Parsee can be used entirely from your local Python environment. We also provide a hosted version of Parsee, where you can edit and share your extraction templates and also run jobs in the cloud: app.parsee.ai.
Parsee is specialized for the extraction of data from a financial domain (tables, numbers etc.) but can be used for other use-cases as well.
While Parsee has first class support for LLMs, the goal of Parsee is also not to limit itself to LLMs, as at least as of today, custom non-LLM models usually outperform LLMs in terms of speed, accuracy and cost-efficiency given that there is a large enough dataset available.
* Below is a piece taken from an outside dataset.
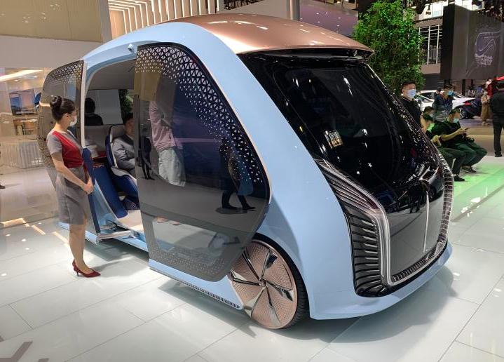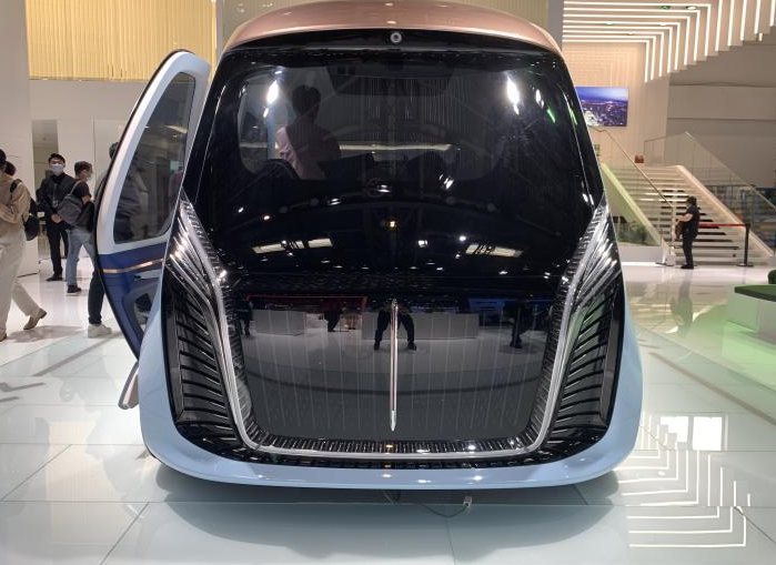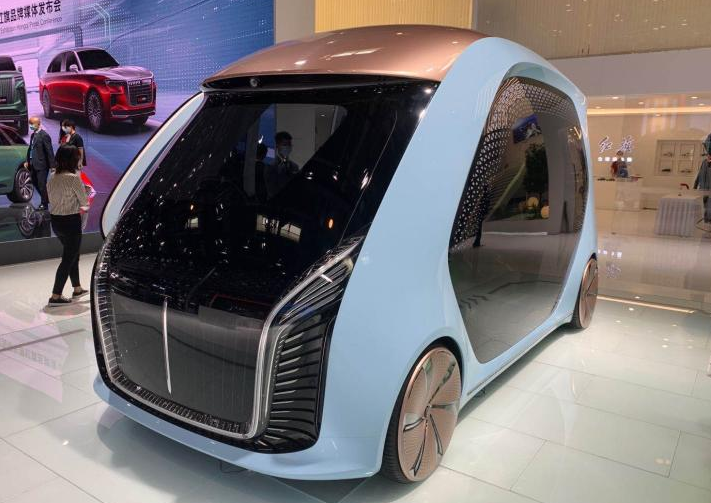 当人们的视线都被E-HS9以及H9+和HS7+车型抢去时,我们在本届车展的红旗展台上发现了一辆小巴,该车向我们展示了若干年之后的出行方式,结合外观来看非常具有未来感。

At SimFin for example, we are using Parsee for extracting data from hundreds of documents daily, entirely without LLMs as we have already a substantial dataset built up for our tasks.
For handling tables from PDFs and images properly, we also released our open source PDF table extraction package: https://github.com/parsee-ai/parsee-pdf-reader
Recommended install with poetry: https://python-poetry.org/docs/
poetry add parsee-core
Alternatively:
pip install parsee-core
Goal:
Given we have some invoices, we want to:
- extract the invoice total, but not just the number, also the currency attached to it.
- extract the issuer of the invoice
import os
from parsee.templates.helpers import StructuringItem, MetaItem, create_template
from parsee.extraction.models.helpers import *
from parsee.converters.main import load_document, from_text
from parsee.extraction.run import run_job_with_single_model
from parsee.utils.enums import *
question_to_be_answered = "What is the invoice total?"
output_type = OutputType.NUMERIC
meta_currency_question = "What is the currency?"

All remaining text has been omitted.